A question of uniqueness

Question

Let $u$ an harmonique function on $\Omega=(a,b)\times (0,+\infty)$ and boundary conditions :

$\displaystyle u(a,y)=u(b,y)=0,\quad\forall y\geq 0$

$\displaystyle u(x,0)=0,\,\lim_{y\to +\infty} u(x,y)=0 \quad \forall x\in (a,b)$

Can we conclude that $\quad u=0$ on $\Omega$ ?

My adempt

Let $$\Omega_{R}=(a,b)\times (0,R),\forall R>0$$By IBP, i show that $$\int_{\Omega_R}u\Delta u=\int_a^{b}u(x,R)\frac{du}{dy}(x,R)dx-\int_{\Omega_R}|\nabla u|^2 $$ Thus $$\forall R>0,\quad \int_{\Omega_R}|\nabla u|^2=\int_a^bu(x,R)\frac{du}{dy}(x,R)dx$$

I need help to cointinuous ( For example to show $\int_{\Omega}|\nabla u|^2=0$)

edit Continuing the initial reasoning, with $a=0$ and $b=\pi$ as suggested by A Ermenko

$\Big(\int_{\Omega_R}|\nabla u|^2\Big)^2=\Big(\int_0^{\pi}u(x,R)\frac{du}{dy}(x,R)dx\Big)^2\\ \leq \int_0^{\pi}u(x,R)^2dx\int_0^{\pi}\Big(\frac{du}{dy}(x,R)\Big)^2dx ,\mbox{by Cauchy–Schwarz inequality }\\\\$

$\leq \int_0^{\pi}u(x,R)^2dx \int_0^{\pi}|\nabla u|^2(x,R)dx \\\\$

$= \int_0^{\pi}u(x,R)^2dx\int_{]0,\pi[\times\{R\}}|\nabla u|^2 \\\\$

$\leq \int_0^{\pi}u(x,R)^2dx \int_{\Omega_R}|\nabla u|^2,\mbox{because} ]0,\pi[\times\{R\}\subset\Omega_R$

Then $$\int_{\Omega_R}|\nabla u|^2\leq \int_0^{\pi}u(x,R)^2.$$ I can only conclude if $\displaystyle ||u(.,R)||_{L^2]0,\pi[}\to^{R\to\infty} 0$

Answer 1

If you want the positive answer you should state your last condition more carefully. For example, add that $u$ is bounded, or that $u(x+iy)$ tends to $0$ as $y\to\infty$ UNIFORMLY with respect to $x$.

As you presently stated, the answer is negative. I sketch the construction of a counterexample.

1. There exists a non-zero entire function, real on the real line and such that $f(re^{i\theta})\to 0$ as $r\to+\infty$ for every $\theta$. (See, for example, my answer to this question, which explains how to construct $f$.)

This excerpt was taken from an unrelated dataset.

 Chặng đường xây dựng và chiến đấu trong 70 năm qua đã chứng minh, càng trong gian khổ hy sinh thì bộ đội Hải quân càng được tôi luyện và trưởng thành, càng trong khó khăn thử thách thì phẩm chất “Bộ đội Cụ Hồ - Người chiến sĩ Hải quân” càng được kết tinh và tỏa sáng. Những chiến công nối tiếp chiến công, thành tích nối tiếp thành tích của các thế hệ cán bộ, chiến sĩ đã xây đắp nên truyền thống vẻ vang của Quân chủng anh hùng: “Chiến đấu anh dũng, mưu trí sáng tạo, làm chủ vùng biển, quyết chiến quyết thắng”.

2. $v(z)=\Im f(z)$ is a non-zero harmonic function in the upper half-plane, equal to $0$ on the real line and $u(re^{i\theta})\to 0$ as $r\to+\infty$ for every $\theta\in(0,\pi)$.

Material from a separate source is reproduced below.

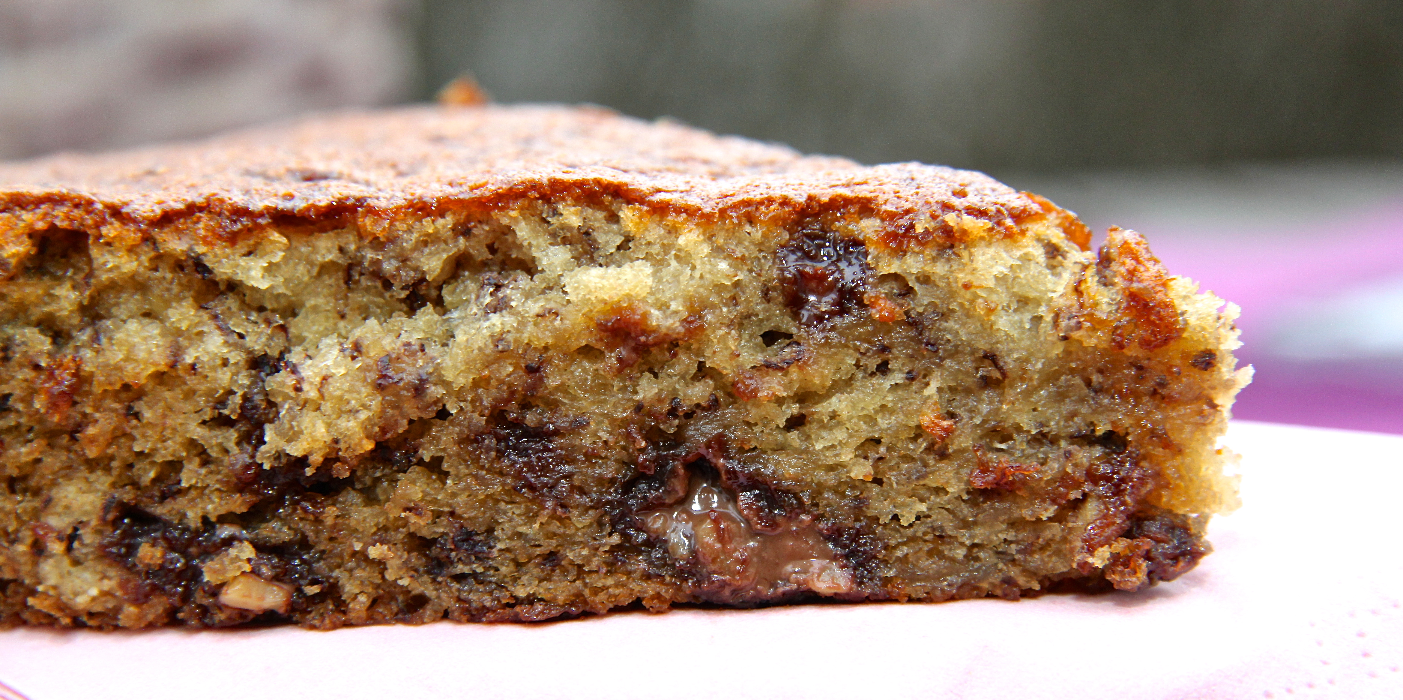 Ég fékk um daginn þessa rausnarlegu gjafakörfu frá Nóa og Siríus í uppskriftasamkeppni sem var á þeirra snærum. Í henni leyndist allskonar góðgæti sem hefur satt best að segja gengið ágætlega á! Í gær átti ég á þrjá banana sem voru orðnir ansi brúnir og ég ákvað að ég yrði að nýta þá í eitthvað gott. Ég gramsaði síðan ofan í gjafakörfunni, sem enn hefur að geyma ýmisskonar gúmmelaði og fann þar poka af suðusúkkulaðidropum frá Nóa og Siríus. Afraksturinn af samrunanum sem átti sér stað í framhaldinu var snilldin ein! Banana-súkkulaðikaka sem er afskaplega auðveld að baka og dásamlega ljúffeng.  Kakan var enn volg þegar ég bar hana fram og hún var auðvitað afar ljúffeng þannig. En ég náði að smakka síðasta bitann þegar hún var orðin köld og þá var hún eiginlega betri! Með dálitlum þeyttum rjóma þá er orðin til afar gómsætur eftirréttur.  Þið bara verðið að prófa þessa! Næst ætla ég að blanda bæði hvítu og dökku súkkulaði í kökuna.

3. Take without loss of generality $a=0,\; b=\pi$, then $e^{-i(z-\pi)}$ maps your strip $0<z<\pi$ into the upper half-plane, with a removed half-disk. So the function $w(z)=v(e^{-i(z-\pi)})$ is harmonic, zero on infinite sides of your half-strip and satisfies the property at $\infty$: $w(x+iy)\to 0$ as $y\to+\infty$ for every $x\in(0,\pi)$. Notice that this function is unbounded. To satisfy the last requirement, that $u(x)=0$ for $0<x<\pi$, set $u(z)=w(z)-w_1(z)$, where $w_1(z)$ is the solution of Dirichlet problem matching the boundary values of $w$ on the finite part of the boundary and bounded in your strip.

Remark. Since every simply connected domain other than the plane is conformally equivalent to the unit disk, your question is equivalent to the following. Suppose that $u$ is harmonic in the unit disk and $\lim_{z\to\zeta} u(z)=0$ for all $\zeta\in\{ \zeta:|\zeta|=1\}\backslash\{1\}$, and moreover $u(z)\to 0$ along any non-tangential segment ending at $1$, that is $u(1-re^{i\theta})\to 0,\; r\to 0$ for every $\theta\in(-\pi/2,\pi/2)$. Does it follow that $u=0$? The answer is NO.